SELAMİ TURGUT GENÇ

SELAMİ TURGUT GENÇ

İŞİN İÇYÜZÜ / 'PÖSTEKİ SİYASETİ' ŞİFRELERİ..

“Yeni Gün” gazetesi, (1918-1923) yılları arasında Cumhuriyete geçiş döneminde, Milli 

Mücadele ruhunu yüreklendiren önemiyle tarihimizde onurlu bir isim taşır.

Kurtuluş savaşının amaç ve ilkelerini iletmekte bir dünya sesi olan bu gazete, 

Cumhuriyetin ilanında ismini “Cumhuriyet”e çevirmiştir. Osmanlı’nın mütareke ve 

Cumhuriyetin ilanı arasındaki süresinin görüntülerine tanık bir gazetedir.

“Yeni Gün” gazetesinin Kurtuluş Savaşındaki tarihi işlevi,Hacettepe Üniversitesinde 

doktora tezine kaynak olmuştur. Savaşta ve barışta önemli yükümlülükleri görünen “Yeni 

Gün” gazetesi, 20 Haziran 1969 yılında, bir genç yürek, Cumhuriyet ve Ay-Yıldızlı Bayrak 

sevdalısı Engin Köklüçınar’ın girişimiyle yayın hayatına kavuşmuştur.

“Yeni Gün” gazetesinin bu tarihi dokusunu içime sindirdiğim için yeri geldiğinde arka 

plandaki tarihi gerçeklere dokunuyorum.

Gazetelerin okur etkinliği ne olursa olsun, bir söz ağızdan çıktığında, yahut kalemin 

ucundan döküldüğünde, gerçekçilik gün ışığı gibi, en karanlık dileklerden bile sızar. Öyle 

dönemler olur ki, okunmaz dediğimiz gazeteler, gündeme getirdiği haberlerle sosyal 

medyanın dilinde çalkalanır. Fikrin önemi, gazetelerin büyüklüğünden küçüklüğünden güç 

kazanmaz. Fikir, düştüğü yerde çığ gibi büyür, yuvarlanır.

Medyamızda, gelinen aşamaların hangi gazetede “piyango değeri” kazanacağını önceden 

kestirmek pek mümkün olmaz. İletişim yapısının farklı nedenleri vardır.

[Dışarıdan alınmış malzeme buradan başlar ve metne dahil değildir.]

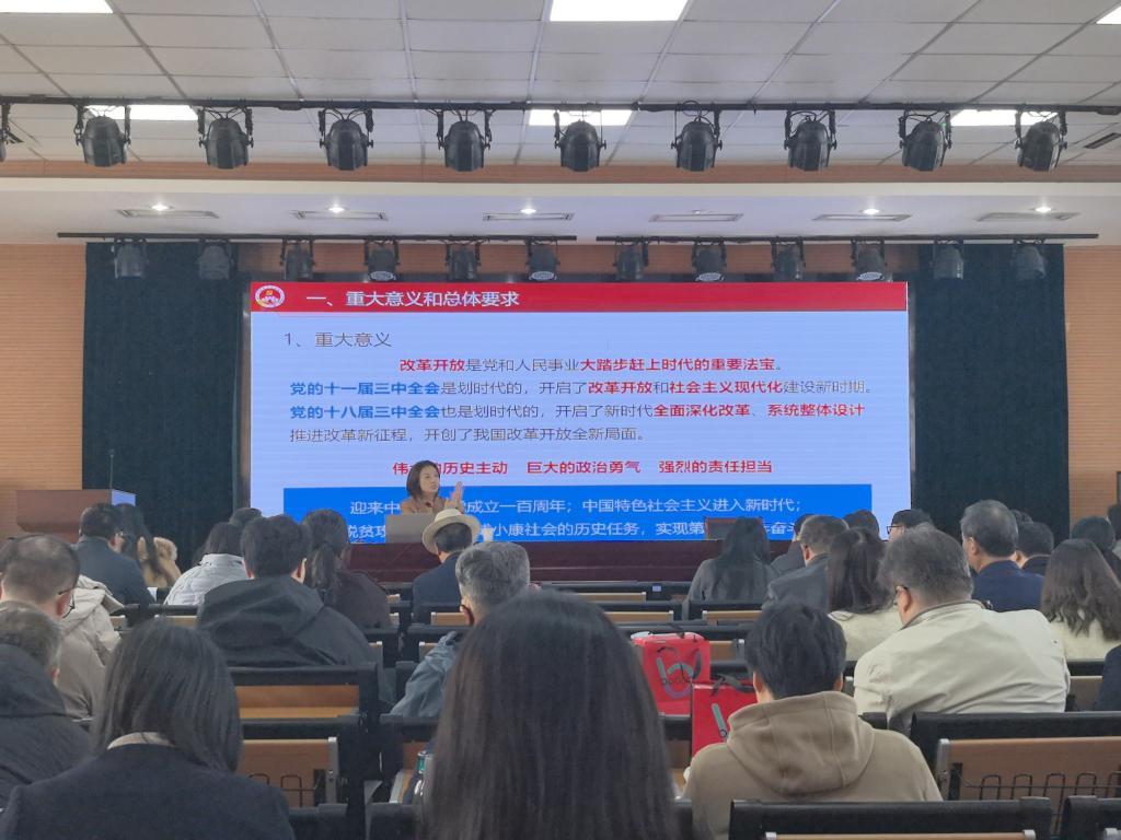 田坤介绍了党的二十届三中全会召开的基本情况及大会通过的《中共中央关于进一步全面深化改革、推进中国式现代化的决定》的主要内容。以生动的实例,从推进全面深化改革重大意义、全面深化改革和中国式现代化的内在逻辑、全面深化改革的总体要求和思想方法等方面,阐述了党的二十届三中全会的重大意义,强调了全面深化改革在推动中国式现代化进程中的重要作用。讲座结束,田坤与现场师生互动交流,就高校如何进一步围绕立德树人根本任务,坚持教师队伍建设作为建设教育强国最重要的基础工作和当代大学生如何更好地投身全面深化改革的伟大实践中,为党和国家建设,贡献自己的力量等问题进行深入交流。

Önemli iletişimler 

hep “kör noktalardan” doğar.

Sorun şu ki; Rusya ile Amerika arasında Suriye konusunda oynanan gizli oyunların temel 

dayanağı “Potsdam Konferansı’nın müzakere kayıtlarında aranmalıdır.. Bunu “Yeni Gün” 

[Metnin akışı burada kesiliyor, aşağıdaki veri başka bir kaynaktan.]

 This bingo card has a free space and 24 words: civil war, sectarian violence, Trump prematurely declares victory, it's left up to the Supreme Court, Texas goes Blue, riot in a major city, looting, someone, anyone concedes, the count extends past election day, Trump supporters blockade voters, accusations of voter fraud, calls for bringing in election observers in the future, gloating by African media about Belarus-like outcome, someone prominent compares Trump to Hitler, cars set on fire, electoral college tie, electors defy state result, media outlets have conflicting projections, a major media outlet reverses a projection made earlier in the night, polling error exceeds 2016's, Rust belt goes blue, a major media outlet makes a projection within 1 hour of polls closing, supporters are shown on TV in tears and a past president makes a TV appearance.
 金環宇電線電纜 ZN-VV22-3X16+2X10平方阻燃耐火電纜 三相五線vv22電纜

gazetesinin 7 Mart 2016 tarihli sayısında, “Potsdam’ın İkinci Yüzü Suriye mi?” başlıklı 

yazımda açıklamıştım. Yazının belgeselliği Sosyal Medyanın ilgi alanına girince, konunun 

ciddiyeti doğruluk yönünde gelişmeler göstermeye başladı. Potsdam’ın şifreleri, Rusya ve 

Amerika’nın aniden Suriye’de ateş kes sürecini başlatmalarıyla öngörümüzün isabetini 

doğruladı.

Hatırlatalım, İkinci Dünya Savaşından sonra galip devletlerin küresel haritada kendilerine 

yeni paylaşım hatları çizdikleri yerin adı Potsdam’dır. Burası Berlin yakınlarındaki bir 

beldenin ismidir.)

Amerika’nın aniden ateşkese bir adım atması, Rusya’nın aniden askerini çekmesi 

nedensiz değildir. Potsdam mantığıyla hareket eden dünyanın bu iki kutup ülkesi, uzun 

vadeli planlamaların odağına artık yerleşmişlerdir. Rusya Akdeniz’deki alanını büyütürken, 

Amerika “Tavşana koş, tazıya tut” hedefindeki paylaşım yerlerine ip germiştir.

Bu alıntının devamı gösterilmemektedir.